Materi lainnya disampaikan oleh Dr. H. Ami Kamiludin, Lc., M.A., pakar komunikasi publik dan dakwah digital, yang membekali peserta dengan strategi komunikasi efektif di era digital. Ia menegaskan bahwa keberhasilan penyuluhan tidak hanya ditentukan oleh materi yang disampaikan, tetapi juga oleh kemampuan komunikasi verbal, vokal, dan visual yang mampu menarik perhatian masyarakat.
Sementara itu, Syahrudin, S.IP., M.M., Asesor Ahli Madya, memberikan penguatan terkait pengembangan kompetensi penyuluh agama. Ia mendorong para penyuluh untuk terus meningkatkan kapasitas diri melalui pemahaman regulasi, penguasaan kompetensi jabatan, serta kesiapan menghadapi uji kompetensi sebagai bagian dari profesionalisme jabatan fungsional penyuluh agama.
Kepala Seksi Bimbingan Masyarakat Islam Kantor Kementerian Agama Kabupaten Sukabumi, H. Dedy Wijaya, Lc., M.H., menyampaikan apresiasi atas terselenggaranya kegiatan tersebut. Menurutnya, peningkatan kapasitas penyuluh merupakan investasi penting dalam memperkuat kualitas layanan keagamaan dan pembinaan masyarakat.
“Penyuluh Agama Islam memiliki posisi yang sangat strategis karena berinteraksi langsung dengan masyarakat. Melalui kegiatan ini, kami berharap kompetensi penyuluh semakin meningkat, baik dalam aspek substansi keagamaan, komunikasi, maupun pemanfaatan teknologi digital. Dengan demikian, penyuluh dapat semakin optimal dalam mendampingi masyarakat, khususnya dalam mewujudkan keluarga yang harmonis, tangguh, dan berketahanan,” ujarnya.

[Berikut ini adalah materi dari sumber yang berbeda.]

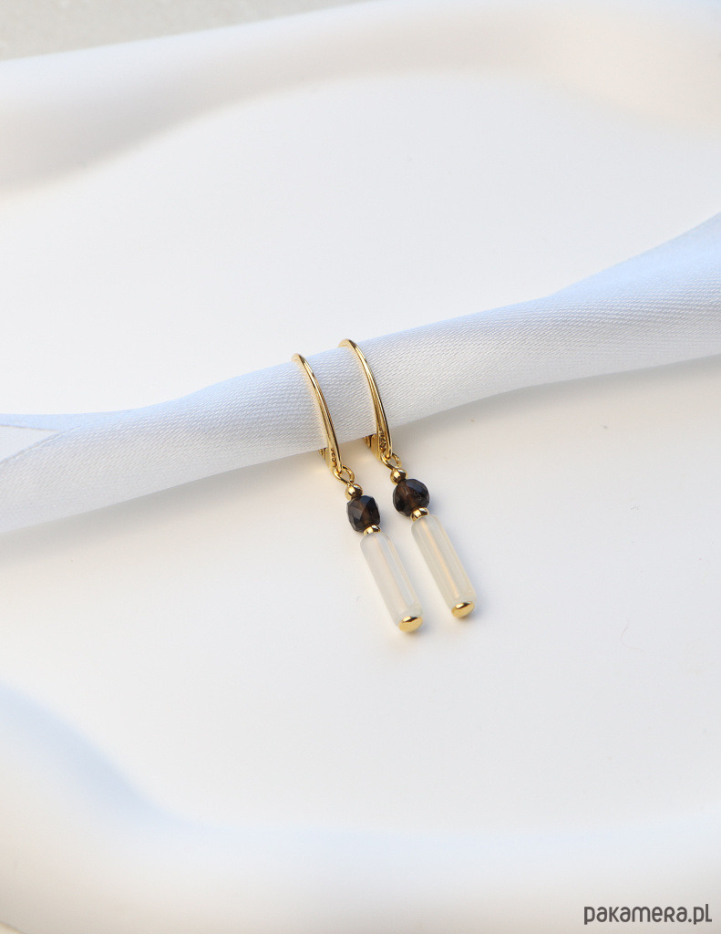 Kolczyki pozłacane - Kwarc Dymny, Biały Agat

Ia menambahkan bahwa tantangan sosial yang semakin kompleks, seperti meningkatnya perceraian, pengaruh media digital, hingga persoalan ekonomi keluarga, memerlukan kehadiran penyuluh yang profesional, responsif, dan mampu memberikan solusi yang tepat sesuai nilai-nilai keagamaan.
Kegiatan berlangsung dengan antusias dan diikuti secara aktif oleh seluruh peserta. Selain menjadi sarana peningkatan wawasan dan kompetensi, forum ini juga menjadi ruang silaturahmi, konsolidasi, serta penguatan sinergi antarpenyuluh agama Islam di wilayah Sukabumi.
Melalui kegiatan ini, diharapkan para Penyuluh Agama Islam semakin siap menjadi garda terdepan dalam membangun ketahanan keluarga, memperkuat moderasi beragama, serta menghadirkan dakwah yang menyejukkan dan relevan dengan kebutuhan masyarakat di tengah perkembangan zaman.